Practical Advice for Getting Started
If you’re a small manufacturer considering computer vision for quality control, here’s a realistic path.
Pick one product line and one defect type. Don’t try to solve every quality problem at once. Choose the product with the highest defect rate or the highest cost of defects getting through. Start there.
Get the lighting right before you worry about the AI. Take sample images with different lighting setups and check whether the defects you care about are clearly visible in the images. If a human can’t see the defect in the image, the AI won’t find it either.
Budget for iteration. Your first model won’t be perfect. Plan for two to three rounds of improvement over the first three to six months as you collect more training data and refine the system. The model gets better over time — that’s the whole point.
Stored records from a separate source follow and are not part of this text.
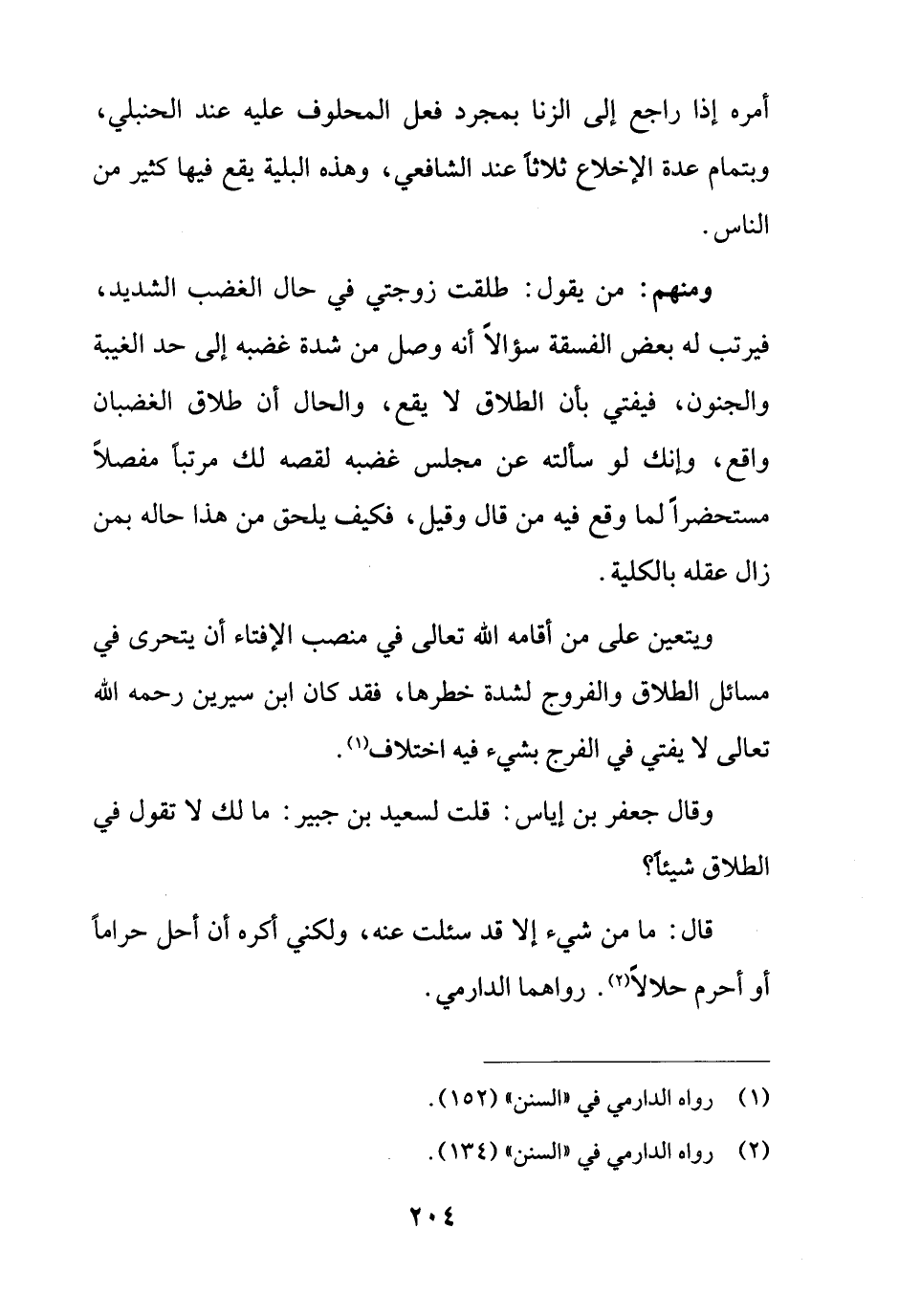 ويتعين على من أقامه الله تعالى في منصب الإفتاء أن يتحرى في مسائل الطلاق والفروج لشدة خطرها، فقد كان ابن سيرين رحمه الله تعالى لا يفتي في الفرج بشيء فيه اختلاف (¬1).
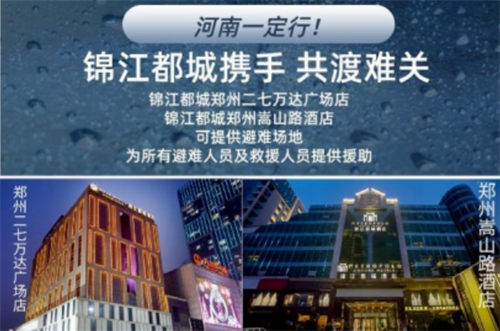 洪水无情,锦江有爱,锦江都城郑州二七万达广场酒店在暴雨来袭时免住宿费,搭建爱心驿站,收到受困市民回馈锦旗表示感谢助力西安共同抗疫、模范征用酒店,许多网友表示“破防了。”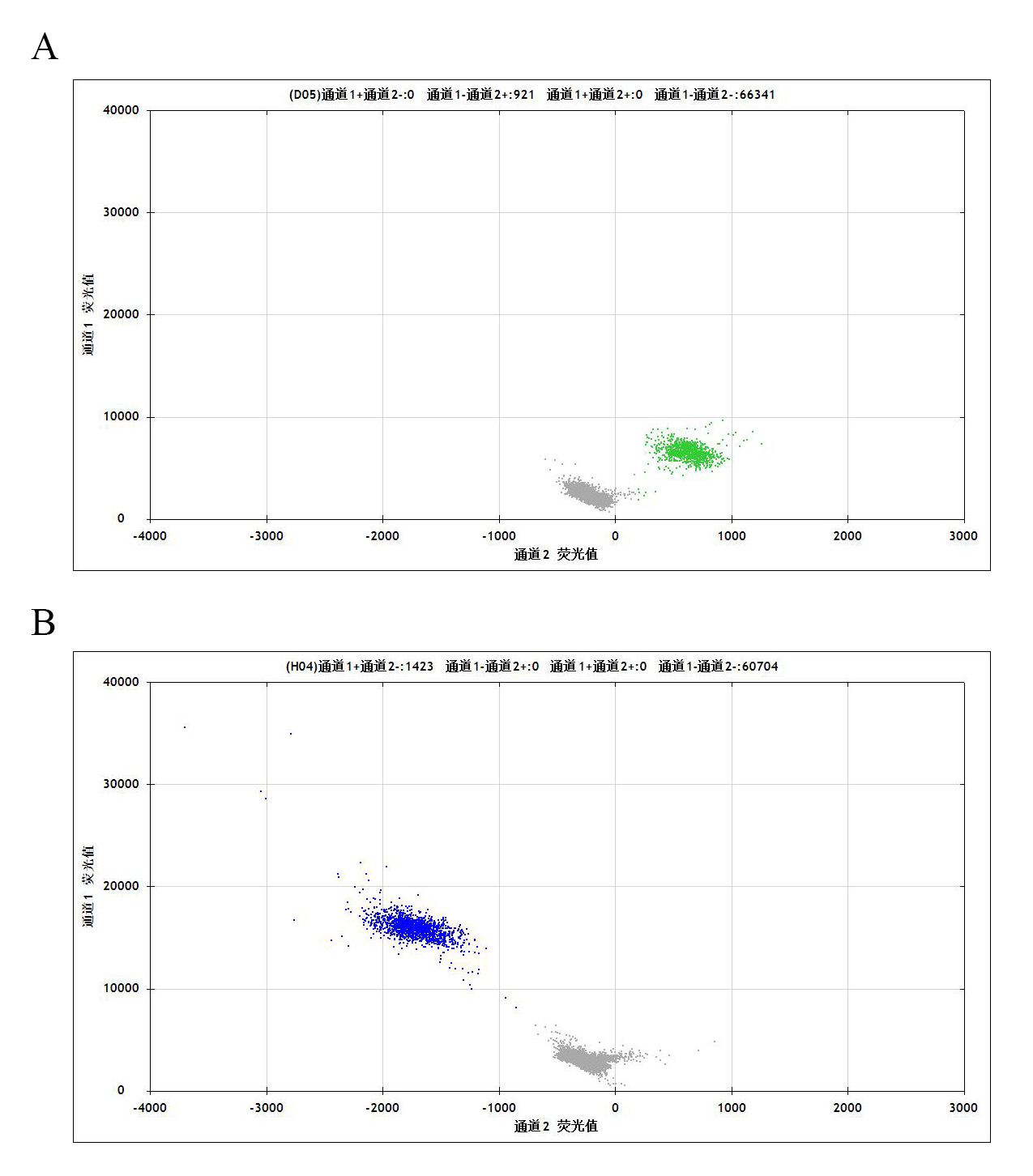 Figure 3. A:HCT116 Parental Cell;B:WRN[C727S](Homozygous,AF%:100) Isogenic HCT116 通道2 藍(lán)色微滴代表WRN[C727S]突變陽性,通道2 綠色微滴代表該位點(diǎn)為陰性野生型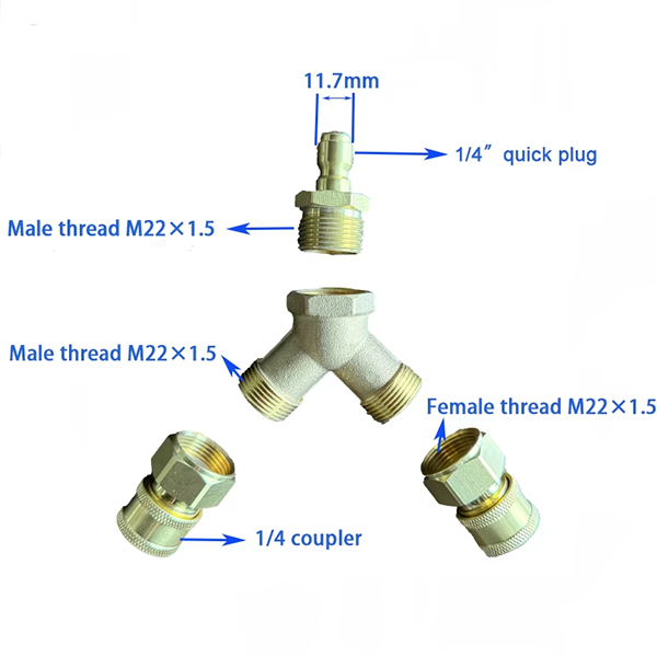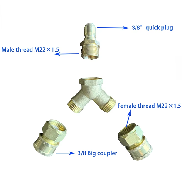 2つのモデルがあり、最初のモデルは1/4 "プラグと2pcs 1/4"カプラーを備えた3ウェイコネクタです。 1/4 "プラグの一方の端には、直径11.7mmのクイックプラグ設計があり、もう一方の端は男性のスレッドM22×1.5です。2つの1/4"カプラーの片端はメスのスレッドM22×1.5で、もう一方の端は1/4カプラーです。 2つ目は、3/8 "プラグと2PCS 3/8"カプラーを備えた3ウェイコネクタです。3/8 "プラグ。一方の端もクイックプラグデザインであり、もう一方の端は男性です。2つの3/8"カプラーの一方の端はメスのスレッドM22×1.5であり、もう一方の端は3/8ビッグコーラーです。材料は完全な銅であり、良好な腐食抵抗があり、炭水化物の複雑な環境で安定した接続を維持できます。同時に、銅には特定の強度と優れた延性もあります。これは、高圧洗浄環境に信頼できる選択肢です。 1/4インチのサイズは、炭水化物、スプレーガン、その他の機器に柔軟に適合させることができます。 3/8インチの仕様は、大型車両の清掃や産業機器の清掃など、より大きな流れの使用に適用できます。これにより、洗浄の効率が大幅に向上します。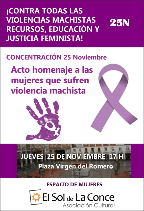Concentración el próximo 25 de noviembre a las 17h, en la plaza Virgen del Romero, en un acto de homenaje a las mujeres que cada día sufren violencia machista. ¡Contra todas las violencias machistas, recursos, educación y justicia feminista!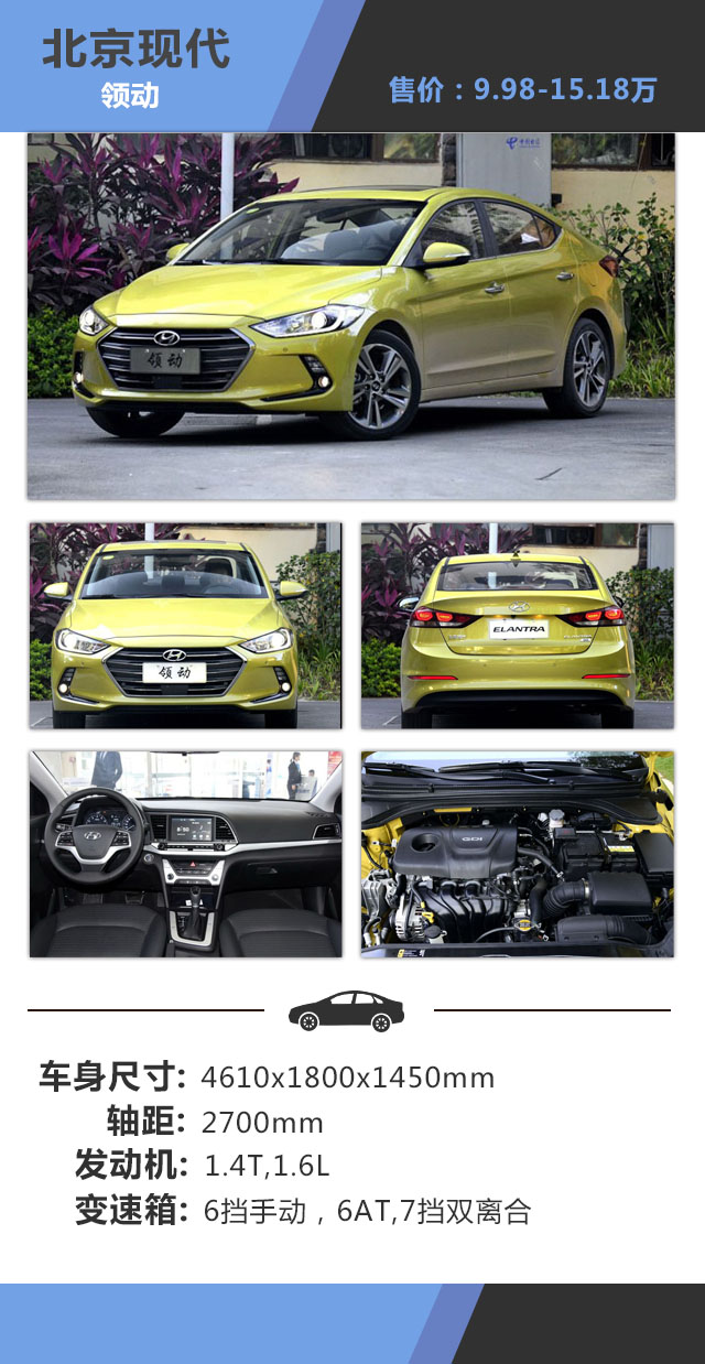 点评:领动似乎要在紧凑型级别中引领新风尚,以其高颜值杀入这个市场,紧凑型的消费者越来越年轻化,因此动感的外观才是他们的口味,现代实在太懂年轻人了,领动依然是流体雕塑理念的产物,不过这一次显得更加的激进,前脸的线条更加的凌厉,硕大的六边形进气格栅占据了差不多整个前脸,杀气十足;腰身两条突出的线条让整车显得更加的生动,中控采用简洁的布局,用料还是不错的,灰色调的内饰搭配营造出不出的运动感,车内乘坐空间基本让人满意。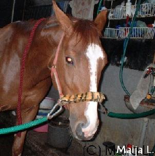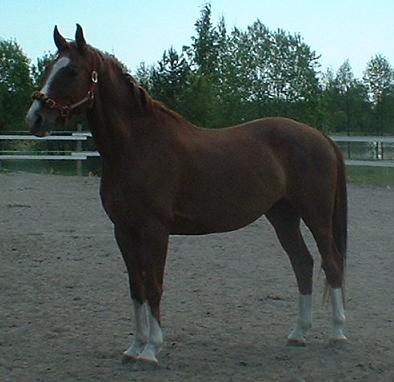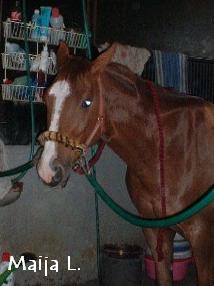 | Ville on yleensä suht helppo käsitellä, mutta joskus temperamentti kuohahtaa, joten on ihan syytä vähän pitää silmällä Villeä. Usein se on melko rauhaton, ei tahtoisi millään pysyä paikoillaan. Hoitamiseen Ville suhtautuu ihan kivasti, mutta silti on syytä sitoa se kiinni tai harjata käytävällä ketjuissa koska se ei tosiaan tahdo pysyä paikoillaan. Yleensä harjaamiset ja muut ovat merkki siitä, että kohta päästään ulos ja menemään, niin eihän sitä malttaisi olla paikoillaan. Ulkoa tullessa ja varsinkin ratsastuksen tai juoksutuksen jälkeen Ville ottaa rauhallisemmin. Eräs huomioitava asia on se, että Ville on kovin herkkä päästään, kaikin tavoin. Pään harjaamisessa on oltava hyvin varovainen ja se on tehtävä pehmeällä harjalla. Suitsien tai riimun laitto on tehtävä rauhallisesti, Villellä on nimittäin pitkä kaula, jonka avulla pään saa helposti katonrajaan ihmisten tavoittamattomiin jos tarve vaatii. Ja vieraiden ihmisten on turha kuvitellakaan paijaavansa Villen päätä, kaulaa kyllä saa taputtaa, mutta päähän ei ole koskemista kuin tutuilla. Kovin helppoa Villellä ratsastaminen ei kuitenkaan ole, vaikka se aika rauhallinen onkin. Sillä on nimittäin paha taipumus lintsata milloin vain mahdollista ja tehdä asiat vähän sinne päin. Ratsastajan on siis oltava tarkkana koko ajan. Villeä ei nimittäin saa päästää kuin koira veräjästä tässä asiassa, sillä menolla se vain oppii ettei ratsastajaa tarvitse niin kovin tarkasti kuunnella. Onpa sitä monet kerrat tullut treenatuksi esimerkiksi kulman ratsastamista muutamaan kertaan... Ville ei loista kisakentillä isänsä tavoin, se on aika keskivertoratsu sitten loppupeleissä. Tämä näkyy kisakalenterissa, sijoitukset kolmen joukkoon ovat harvassa, mutta Ville tekee sellaista tasaisen hyvää jälkeä kaikissa kisoissa. Joskus se riittää sijoitukseen, joskus sillä jäädään häntäpäähän. Juuri tasaisuutensa ansiosta Ville on kuitenkin luottoratsuni kilpailuissa: kun tähtihevoset pettävät, niin Ville senkuin porskuttaa. © Marinka |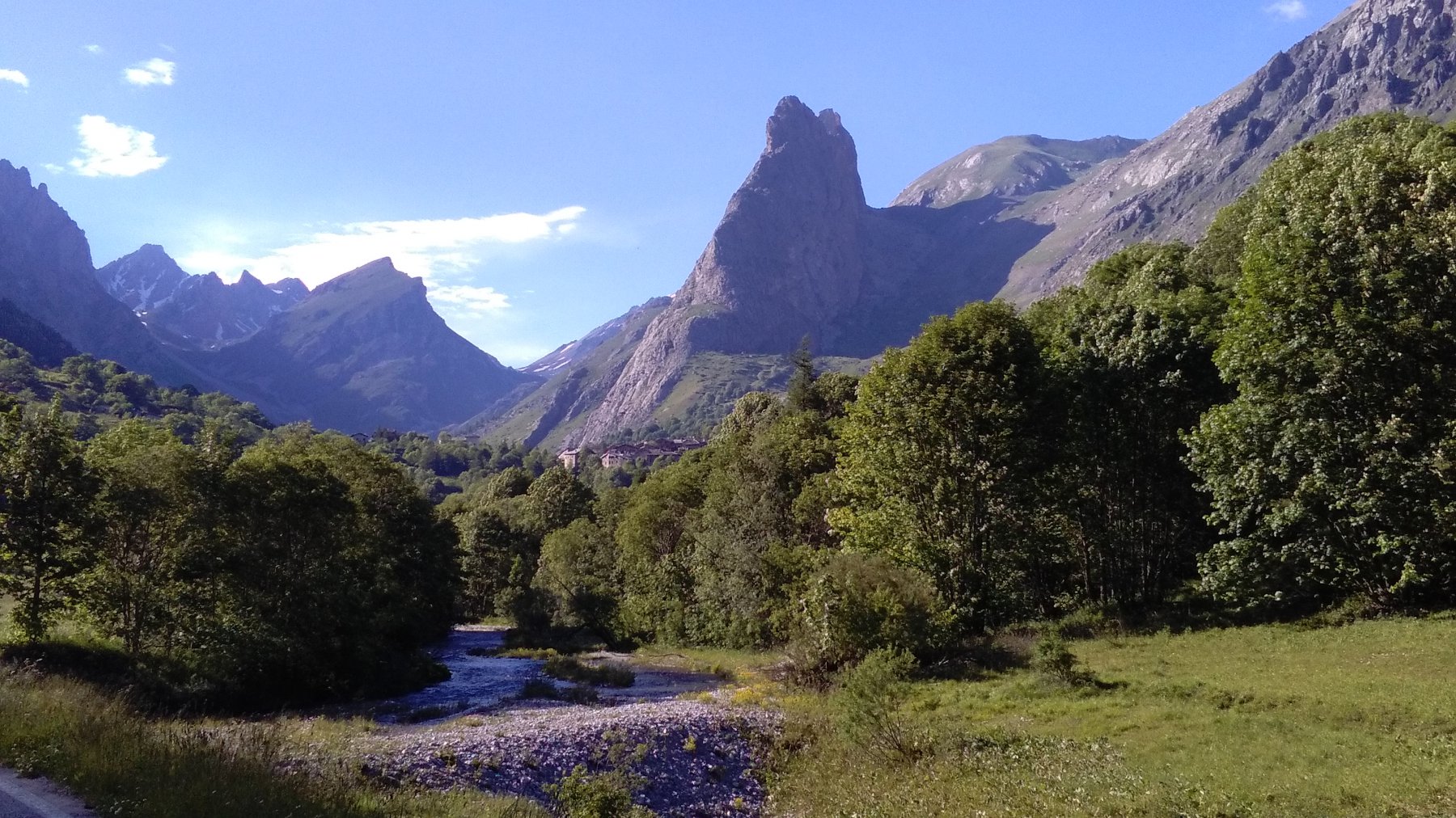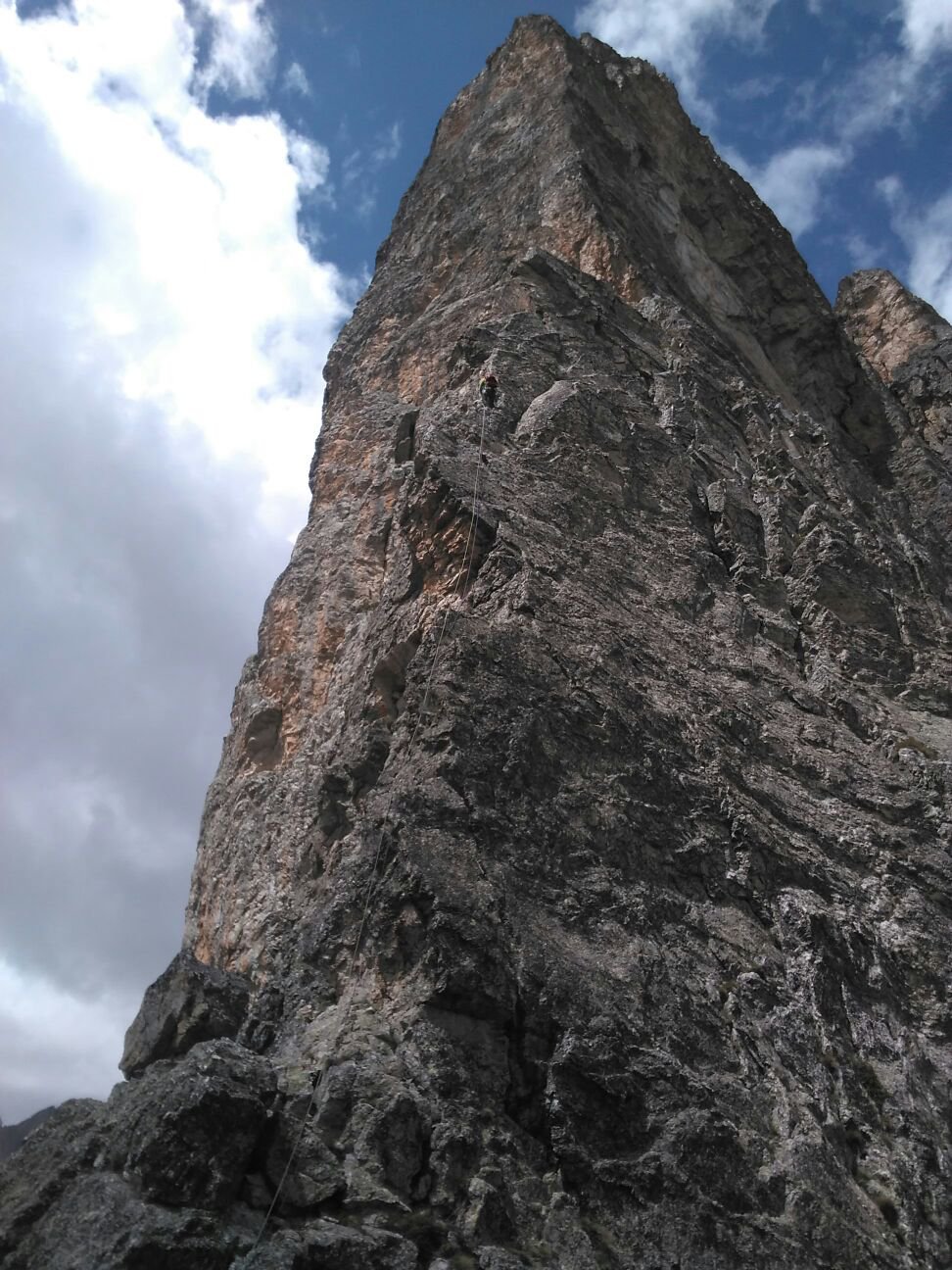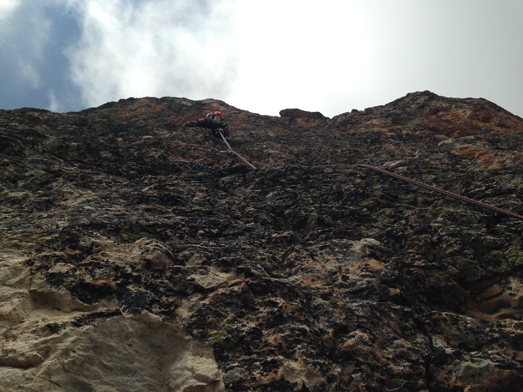 - L1: attaccare lo zoccolo sotto l’evidente fessura. Primi metri non banali, uscire sul terrazzo al di sopra e attaccare il camino. A 30 metri circa dalla partenza si raggiunge una prima sosta, oltrepassarla e continuare per un muretto fino alla cengia erbosa, in cima alla quale si sosta. 50 metri, 5c/5c+ in partenza, poi 5a; 5 chiodi.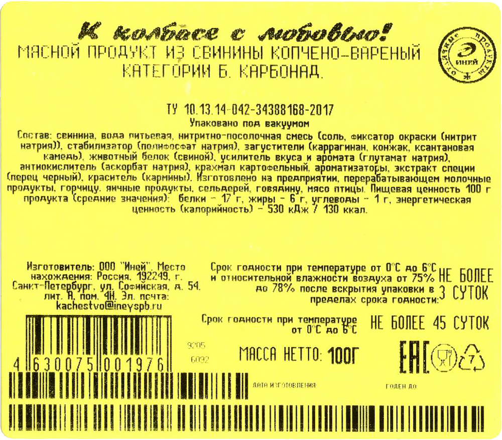 Свинина, вода питьевая, нитритно-посолочная смесь соль, фиксатор окраски нитрит натрия, стабилизатор полифосфат натрия, загустители каррагинан, конжак, ксантановая камедь, животный белок свиной, усилитель вкуса и аромата глутамат натрия, антиокислитель аскорбат натрия, крахмал картофельный, ароматизаторы, экстракт специи перец чёрный, краситель кармины.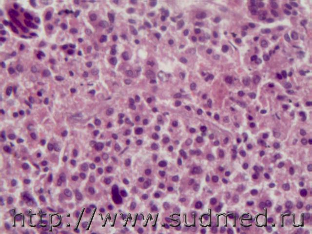 Аденоматоз печени с переходом в карциному( видны помимо гиперхромности и единичные патологические митозы)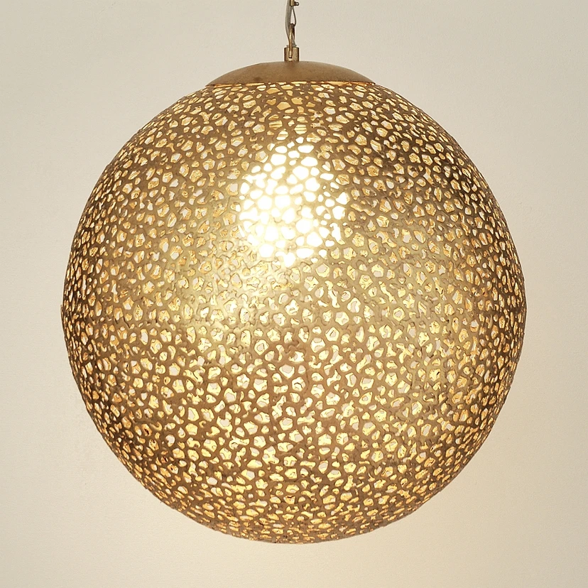 Hengelampen UTOPISTICO er et ekte blikkfang som kan benyttes for å iscenesette og lyse opp de forskjelligste rom: Den kuleformede, store lampen i gullfarget jern er utsmykket med et filigranmønster, som lyset kan skinne uhindret gjennom. Mønsteret gir attraktive lyseffekter i omgivelsene.

Keep humans in the loop initially. Don’t automate rejection on day one. Start with the AI flagging suspected defects for human review. This builds trust, catches errors, and provides feedback data to improve the model. Once accuracy is proven, you can gradually increase automation.
The technology is genuinely accessible now. The barrier isn’t cost or complexity — it’s awareness that these tools exist at price points that make sense for smaller operations. That gap is closing fast.